Exercise aim: Could you give back exactly the lines below from the one with "Je kunt elk" through the one with "агенция в Twitter.", without a single picture?

Records for processing:

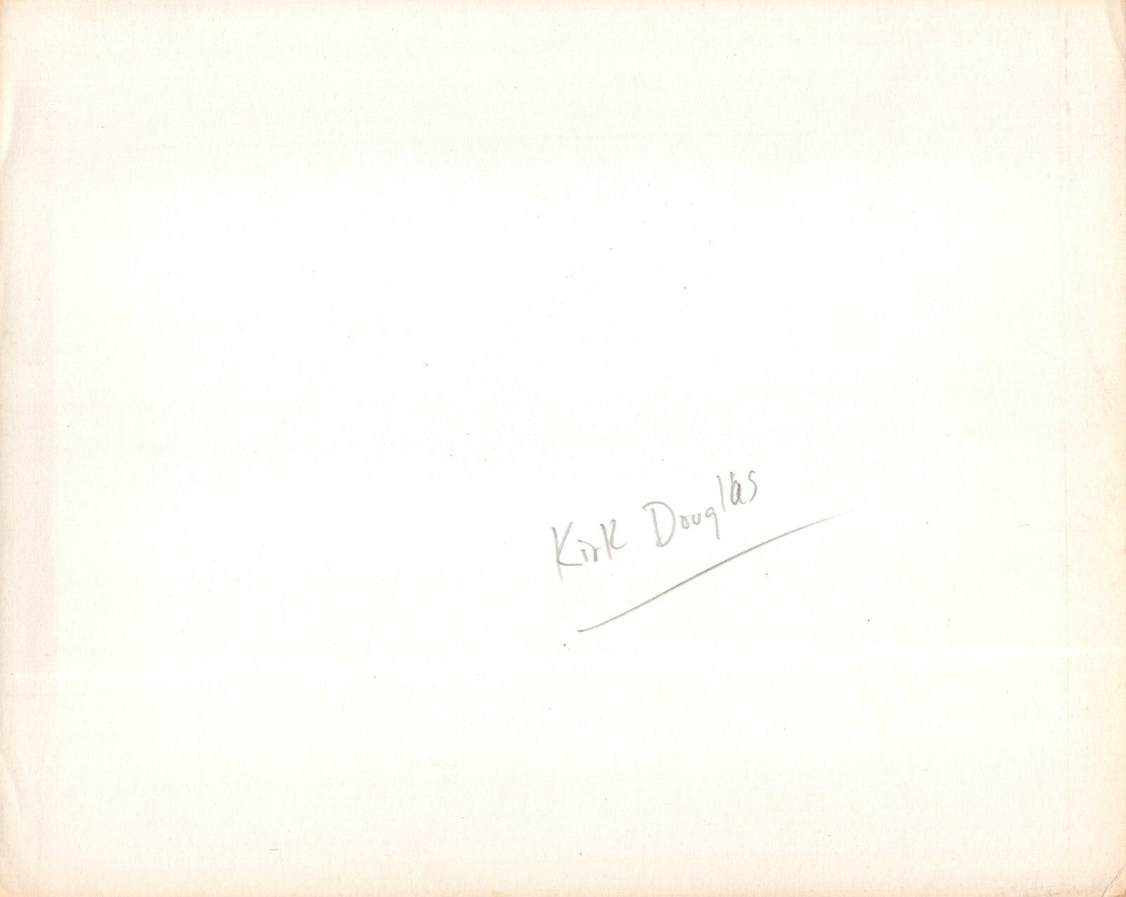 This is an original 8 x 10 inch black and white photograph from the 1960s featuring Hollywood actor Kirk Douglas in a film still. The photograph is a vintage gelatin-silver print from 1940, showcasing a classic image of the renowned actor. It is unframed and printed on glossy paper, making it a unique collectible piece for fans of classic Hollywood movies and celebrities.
--
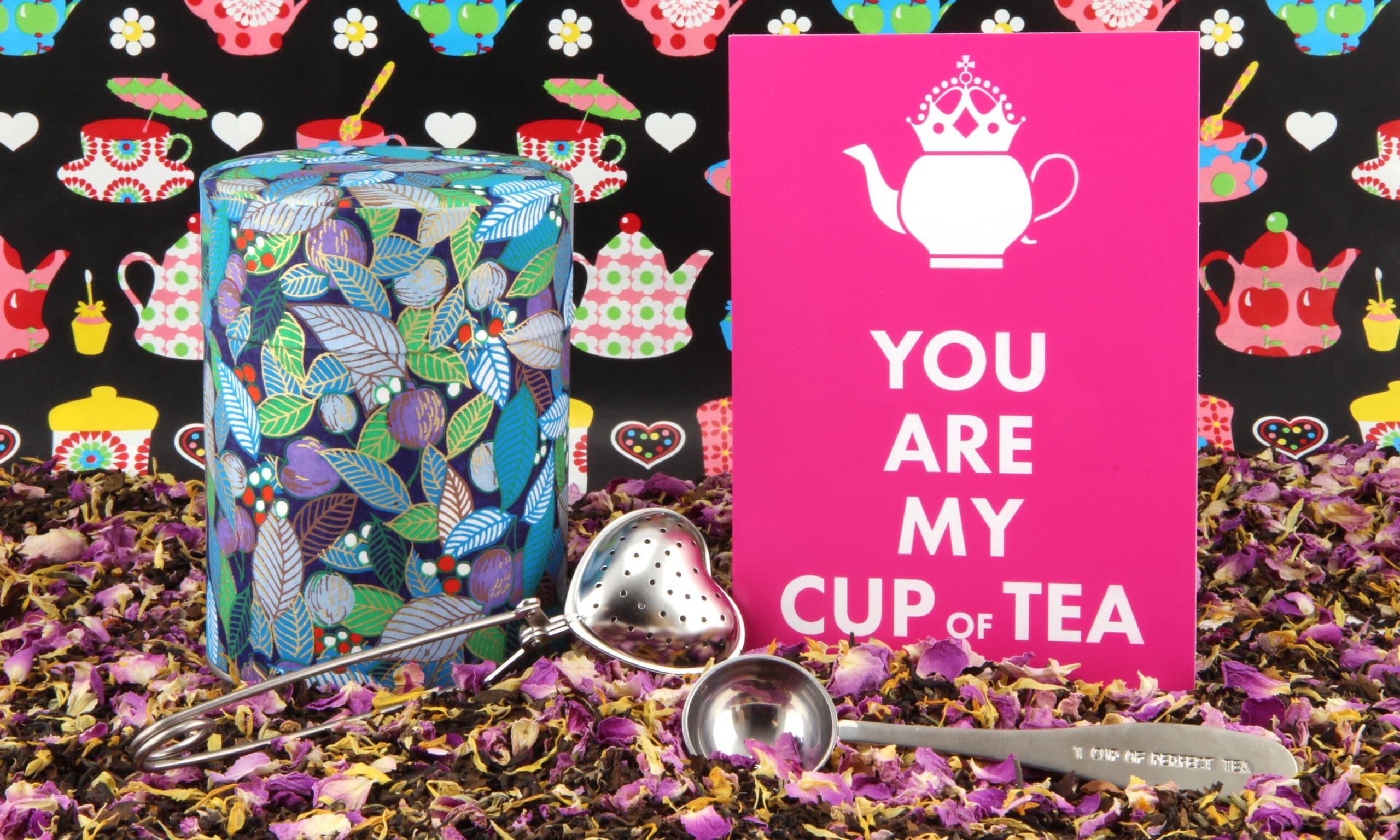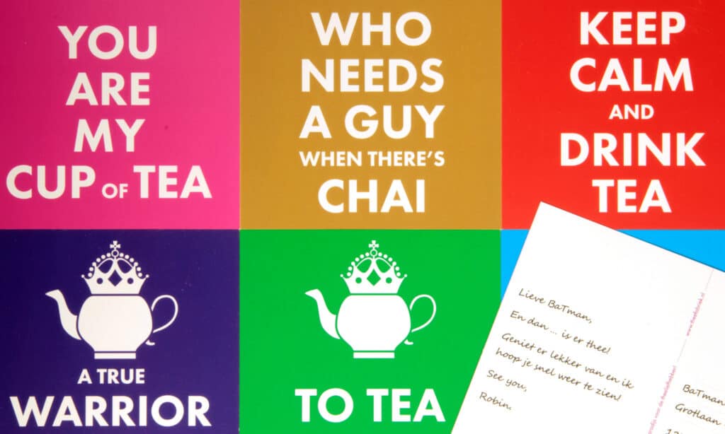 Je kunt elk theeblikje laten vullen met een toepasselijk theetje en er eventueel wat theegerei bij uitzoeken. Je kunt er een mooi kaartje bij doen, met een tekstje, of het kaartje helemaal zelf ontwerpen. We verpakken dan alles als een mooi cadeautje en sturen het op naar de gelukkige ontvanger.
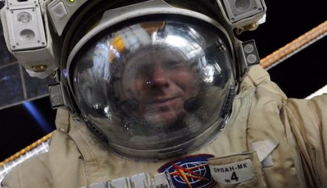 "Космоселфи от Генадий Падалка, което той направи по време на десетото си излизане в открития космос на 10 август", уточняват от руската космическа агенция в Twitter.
* * *
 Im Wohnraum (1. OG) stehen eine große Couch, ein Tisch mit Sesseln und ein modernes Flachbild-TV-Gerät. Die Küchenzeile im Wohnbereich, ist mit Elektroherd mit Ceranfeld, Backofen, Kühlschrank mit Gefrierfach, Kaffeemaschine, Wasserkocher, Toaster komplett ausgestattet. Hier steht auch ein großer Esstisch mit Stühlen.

Expected answer:
 Je kunt elk theeblikje laten vullen met een toepasselijk theetje en er eventueel wat theegerei bij uitzoeken. Je kunt er een mooi kaartje bij doen, met een tekstje, of het kaartje helemaal zelf ontwerpen. We verpakken dan alles als een mooi cadeautje en sturen het op naar de gelukkige ontvanger.
 "Космоселфи от Генадий Падалка, което той направи по време на десетото си излизане в открития космос на 10 август", уточняват от руската космическа агенция в Twitter.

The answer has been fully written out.